Выбрать главу

Между тем относительно мирные 20-е годы подходили к концу; в Америке в 1929 году разразилась финансовая катастрофа, а несколько позднее Гитлер и нацисты пришли к власти. Мы следили за их возвышением с возрастающим ужасом. После того как Гитлер стал рейхсканцлером, мы поняли, что надежды нет. И действительно, скоро наступил день, когда я нашёл своё имя в газетах в списке уволенных по расовым мотивам. Мы покинули Германию (май 1933 г.), образовав первую эмигрантскую ячейку в итальянском южном Тироле. Весна в Доломитовых Альпах была так прекрасна, что мы почти забыли о невзгодах и неустроенности нашего быта. Очень скоро стали приходить приглашения из разных стран, и среди них в Кембридж (Англия), которое я принял, так как знал страну и язык.

И снова несчастье обернулось благодатью. Ибо ничто так не действует благотворно и освежающе на человека, как резкая перемена обстановки. Даже моя жена, которой изгнание причинило гораздо большие страдания, позднее считала вынужденную эмиграцию благом. Но это справедливо для людей, имеющих международные связи. Многие родственники и мои друзья были замучены в концентрационных лагерях или покончили с собой. Мы с женой потратили много времени в Кембридже, пытаясь помочь людям эмигрировать. В Кембридже нам оказали очень дружественный приём. Помимо моего старого колледжа Гонвилля и Каюса, я был прикреплён к колледжу св. Джона, членом которого был Дирак. Университет присвоил мне степень магистра искусств (M. A.) и должность стоксовского лектора.

Пребывание в Кавендишской лаборатории рядом с Резерфордом, Вильсоном, Астоном, Чедвиком, Фоулером, Олифантом, Кокрофтом и многими другими первоклассными физиками было чрезвычайно поучительно.

Я работал и читал лекции, связанные с идеей, которая пришла мне на ум в моём уединении в Доломитах, а именно с нелинейной модификацией теории электромагнитного поля, в котором собственная энергия (электромагнитная масса) точечного заряда была конечной.
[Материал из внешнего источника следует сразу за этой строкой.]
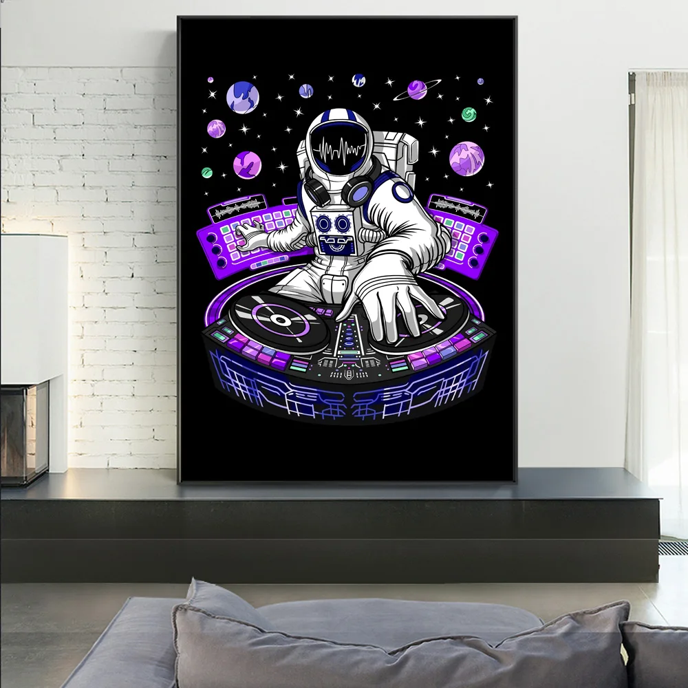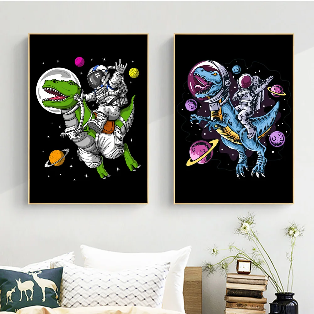Забавные плакаты и принты диджея с изображением динозавра, космонавта, живопись на холсте, домашний декор, настенные художественные картины
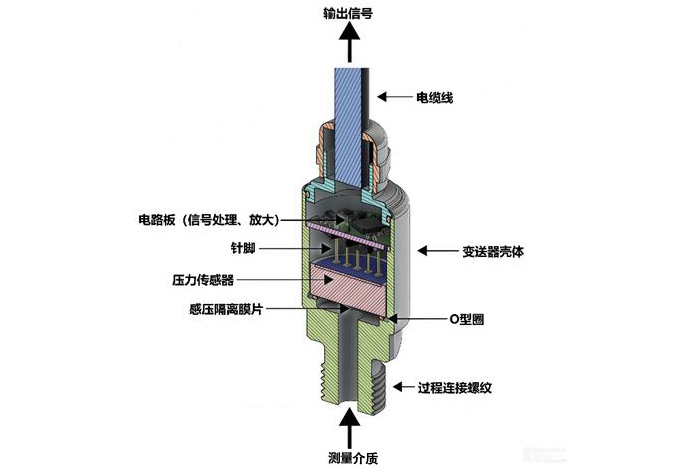 严格来说,传感器是变送器的组成部分。一台压力变送器通常以一个棒状结构作为主体,棒的下端是与被测介质连接的螺纹(或者法兰等),而棒的上端则用来安装电路板、接插件、显示屏等电子元件。

Это могло быть открыто и двадцать лет назад, и тогда это вызвало бы сенсацию, но могло бы также направить теоретические исследования по неправильному пути, уводящему от квантовой теории. Над этой идеей я работал совместно с Леопольдом Инфельдом (из Польши). Созданная нами так называемая теория Борна — Инфельда оказалась несостоятельной из-за невозможности согласования её с квантовой теорией. В течение этого кембриджского периода я издал учебник по атомной физике[9], седьмое издание которого вышло теперь, и научно-популярную книгу под названием «Беспокойная Вселенная»[10].

Когда в 1936 году срок, на который я был приглашён в Кембридж, окончился, я получил приглашение от сэра К. Рамана, возглавлявшего Индийский институт науки в Бангалуре. Я принял его и провёл с женой в Индии полгода. Это было очень интересно, но о научных результатах поездки сказать нечего.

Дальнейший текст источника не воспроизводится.